The US Navy has accused Iran’s Islamic Revolution Guard Corps (IRGC) of “dangerous and provocative actions” in international waters in the Gulf.
Eleven IRGC Navy vessels repeatedly conducted “harassing” approaches of six US Navy and Coast Guard ships on Wednesday, it said. One passed within 10 yards (9m) of a Coast Guard cutter.
The US vessels were involved in a military exercise with US Army Apache attack helicopters.
There has been no word yet from Iran.
The incident came a day after armed men – believed to have been IRGC personnel – seized a Hong Kong-flagged tanker in the Gulf of Oman and redirected it into Iranian waters before releasing it.

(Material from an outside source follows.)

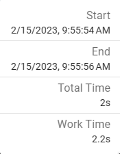Total Time - This value is the total time elapsed for the entire workflow process, from the Import to the End node. This includes time waiting for user interaction in Queues and Validation.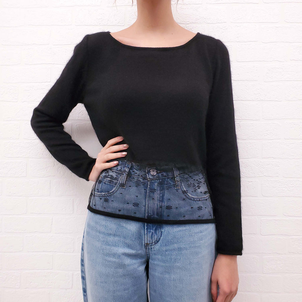 VALENTINO BLACK CASHMERE LACE SWEATER - SIZE L

The US Navy said that during Wednesday’s exercise the IRGC vessels crossed the bows and sterns of the US vessels at “extremely close range and high speeds, including multiple crossings of the [USS Lewis B] Puller with a 50 yard closest point of approach and within 10 yards of [USCGC] Maui’s bow.
“The US crews issued multiple warnings via bridge-to-bridge radio, five short blasts from the ships’ horns and long-range acoustic noise maker devices, but received no response from the IRGCN.”
“After approximately one hour, the IRGCN vessels responded to the bridge-to-bridge radio queries, then manoeuvred away from the US ships and opened distance between them,” it added.
The US Navy said such “dangerous and provocative actions increased the risk of miscalculation and collision”, and were not in accordance with international maritime conventions or customs.
Last year, Iranian forces seized a British-flagged tanker in retaliation for the seizure of an Iranian tanker by the British territory of Gibraltar. Both vessels were eventually released.
The US also accused Iran of carrying out attacks on six tankers in the Gulf of Oman and launching missiles and drones at two oil facilities in Saudi Arabia. Iran denied any involvement.
Tensions between the US and Iran rose further in January, when the US killed a top IRGC general in a drone strike in Iraq. Iran responded by launching missiles at Iraqi military bases hosting US forces.